Reward function registry

reduce(state, action, next_state, *, reward_functions, reduction, rng=None)

reduction of multiple reward functions into a single boolean value

Parameters

• state (State) –

• action (Action) –

• next_state (State) –

• reward_functions (Sequence[RewardFunction]) –

• reduction (RewardReductionFunction) –

• rng (Generator, optional) –

Returns

reduction operator over the input reward functions

Return type

bool

reduce_sum(state, action, next_state, *, reward_functions, rng=None)

utility reward function which sums other reward functions

Parameters

• state (State) –

• action (Action) –

• next_state (State) –

• reward_functions (Sequence[RewardFunction]) –

• rng (Generator, optional) –

Returns

sum of the evaluated input reward functions

Return type

float

overlap(state, action, next_state, *, object_type, reward_on=1.0, reward_off=0.0, rng=None)

reward for the agent occupying the same position as another object

Parameters

• state (State) –

• action (Action) –

• next_state (State) –

• object_type (Type[GridObject]) –

• reward_on (float) – reward for when agent is on the object

• reward_off (float) – reward for when agent is not on the object

• rng (Generator, optional) –

Returns

one of the two input rewards

Return type

float

living_reward(state, action, next_state, *, reward=- 1.0, rng=None)

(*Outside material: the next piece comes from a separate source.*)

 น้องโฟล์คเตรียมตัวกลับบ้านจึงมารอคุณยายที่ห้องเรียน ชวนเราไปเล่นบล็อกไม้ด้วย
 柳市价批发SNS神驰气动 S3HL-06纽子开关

a living reward which does not depend on states or actions

Parameters

• state (State) –

• action (Action) –

• next_state (State) –

• reward (float) – reward for when agent is on exit

• rng (Generator, optional) –

Returns

the input reward

Return type

float

reach_exit(state, action, next_state, *, reward_on=1.0, reward_off=0.0, rng=None)

reward for the Agent being on a Exit

Parameters

• state (State) –

• action (Action) –

• next_state (State) –

• reward_on (float) – reward for when agent is on exit

• reward_off (float) – reward for when agent is not on exit

• rng (Generator, optional) –

Returns

one of the two input rewards

Return type

float

bump_moving_obstacle(state, action, next_state, *, reward=- 1.0, rng=None)

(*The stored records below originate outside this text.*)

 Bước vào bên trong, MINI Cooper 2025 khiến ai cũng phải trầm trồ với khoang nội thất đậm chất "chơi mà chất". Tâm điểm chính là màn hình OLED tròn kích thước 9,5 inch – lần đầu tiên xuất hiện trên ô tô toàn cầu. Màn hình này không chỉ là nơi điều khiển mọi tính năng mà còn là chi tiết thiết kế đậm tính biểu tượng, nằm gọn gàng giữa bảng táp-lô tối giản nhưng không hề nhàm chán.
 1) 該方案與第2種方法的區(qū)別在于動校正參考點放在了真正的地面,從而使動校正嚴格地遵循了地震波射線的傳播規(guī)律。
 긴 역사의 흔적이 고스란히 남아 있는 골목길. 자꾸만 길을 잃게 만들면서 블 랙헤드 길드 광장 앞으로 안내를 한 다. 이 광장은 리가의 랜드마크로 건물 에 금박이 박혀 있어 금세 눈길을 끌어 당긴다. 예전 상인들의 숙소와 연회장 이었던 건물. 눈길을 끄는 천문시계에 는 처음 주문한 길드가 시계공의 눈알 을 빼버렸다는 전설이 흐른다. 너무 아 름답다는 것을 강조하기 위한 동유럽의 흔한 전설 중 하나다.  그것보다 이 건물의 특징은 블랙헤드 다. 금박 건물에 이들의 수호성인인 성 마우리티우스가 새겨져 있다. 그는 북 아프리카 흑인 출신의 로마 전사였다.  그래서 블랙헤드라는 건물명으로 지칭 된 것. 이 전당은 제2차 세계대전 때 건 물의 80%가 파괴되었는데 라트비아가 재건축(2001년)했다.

reward for the Agent bumping into on a MovingObstacle

Parameters

• state (State) –

• action (Action) –

• next_state (State) –

• reward (float) – reward for when Agent bumps a MovingObstacle

• rng (Generator, optional) –

Returns

the input reward or 0.0

Return type

float

proportional_to_distance(state, action, next_state, *, distance_function=<function Position.manhattan_distance>, object_type, reward_per_unit_distance=-1.0, rng=None)

reward proportional to distance to object

Parameters

• state (State) –

• action (Action) –

• next_state (State) –

• distance_function (DistanceFunction) –

• object_type (Type[GridObject]) – (Type[GridObject]): type of unique object in grid

• reward (float) – reward per unit distance

• rng (Generator, optional) –

Returns

input reward times distance to object

Return type

float

getting_closer(state, action, next_state, *, distance_function=<function Position.manhattan_distance>, object_type, reward_closer=1.0, reward_further=-1.0, rng=None)

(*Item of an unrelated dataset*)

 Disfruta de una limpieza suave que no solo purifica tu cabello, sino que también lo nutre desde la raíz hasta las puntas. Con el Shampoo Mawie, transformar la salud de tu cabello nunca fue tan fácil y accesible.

reward for getting closer or further to object

Parameters

• state (State) –

• action (Action) –

• next_state (State) –

• distance_function (DistanceFunction) –

• object_type (Type[GridObject]) – (Type[GridObject]): type of unique object in grid

• reward_closer (float) – reward for when agent gets closer to object

• reward_further (float) – reward for when agent gets further to object

• rng (Generator, optional) –

Returns

one of the input rewards, or 0.0 if distance has not changed

Return type

float

dijkstra(layout, source_position)

Return type

ndarray

getting_closer_shortest_path(state, action, next_state, *, object_type, reward_closer=1.0, reward_further=- 1.0, rng=None)

reward for getting closer or further to object, assuming normal navigation dynamics

Parameters

• state (State) –

• action (Action) –

• next_state (State) –

• object_type (Type[GridObject]) – (Type[GridObject]): type of unique object in grid

• reward_closer (float) – reward for when agent gets closer to object

• reward_further (float) – reward for when agent gets further to object

• rng (Generator, optional) –

Returns

one of the input rewards, or 0.0 if distance has not changed

Return type

float

bump_into_wall(state, action, next_state, *, reward=- 1.0, rng=None)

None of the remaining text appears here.